I'm basically trying to disable the lowercase filter to be able to do case sensitive matching on text fields. Following the index, and analyzer docs I create the following mapping without the lowercase filter:
PUT /my_index
{
"settings": {
"analysis": {
"analyzer": {
"my_custom_analyzer": {
"type": "custom",
"tokenizer": "standard",
"char_filter": [
"html_strip"
],
"filter": [
"asciifolding"
]
}
}
}
}
}
I enable fielddata so I can inspect the tokenization afterward
PUT my_index/_mapping/_doc
{
"properties": {
"my_field": {
"type": "text",
"fielddata": true
}
}
}
I test the custom analyzer to make sure it doesn't lowercase, as expected
POST /my_index/analyze
{
"analyzer": "my_custom_analyzer",
"text": "Is this <b>déjà Vu</b>?"
}
which gets the following response
{
"tokens": [
{
"token": "Is",
"start_offset": 0,
"end_offset": 2,
"type": "<ALPHANUM>",
"position": 0
},
{
"token": "this",
"start_offset": 3,
"end_offset": 7,
"type": "<ALPHANUM>",
"position": 1
},
{
"token": "deja",
"start_offset": 11,
"end_offset": 15,
"type": "<ALPHANUM>",
"position": 2
},
{
"token": "Vu",
"start_offset": 16,
"end_offset": 22,
"type": "<ALPHANUM>",
"position": 3
}
]
}
Great, things are not getting lowercased just like I wanted.

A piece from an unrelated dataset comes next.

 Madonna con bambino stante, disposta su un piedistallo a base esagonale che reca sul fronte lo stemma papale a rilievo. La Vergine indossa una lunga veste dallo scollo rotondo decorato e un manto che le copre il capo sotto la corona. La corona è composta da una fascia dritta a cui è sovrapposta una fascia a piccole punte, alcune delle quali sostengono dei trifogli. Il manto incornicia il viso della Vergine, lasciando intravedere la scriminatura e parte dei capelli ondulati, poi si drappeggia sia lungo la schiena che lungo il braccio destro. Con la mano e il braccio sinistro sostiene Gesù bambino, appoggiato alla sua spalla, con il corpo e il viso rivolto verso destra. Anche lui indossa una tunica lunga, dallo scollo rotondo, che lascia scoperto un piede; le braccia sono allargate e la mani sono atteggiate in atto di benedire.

So now I try inserting the same text and see what happens.
POST /my_index/_doc
{
"my_field": "Is this <b>déjà Vu</b>?"
}
and try querying back for it
POST /my_index/_search
{
"query": {
"regexp": {
"my_field": "Is.*"
}
},
"docvalue_fields": [
"my_field"
]
}
and get no hits. Now if I try lowercasing the regex, I get
POST /my_index/_search
{
"query": {
"regexp": {
"my_field": "is.*"
}
},
"docvalue_fields": [
"my_field"
]
}
which returns
{
"took": 6,
"timed_out": false,
"_shards": {
"total": 5,
"successful": 5,
"skipped": 0,
"failed": 0
},
"hits": {
"total": 1,
"max_score": 1,
"hits": [
{
"_index": "my_index",
"_type": "_doc",
"_id": "6d6PP20BXDCQSINU0RC_",
"_score": 1,
"_source": {
"my_field": "Is this <b>déjà Vu</b>?"
},
"fields": {
"my_field": [
"b",
"déjà",
"is",
"this",
"vu"
]
}
}
]
}
}
So it seems to me like things are still getting lowercased somewhere since only the lowercase regex matches and the docvalues all come back lower cased. What am I doing wrong here?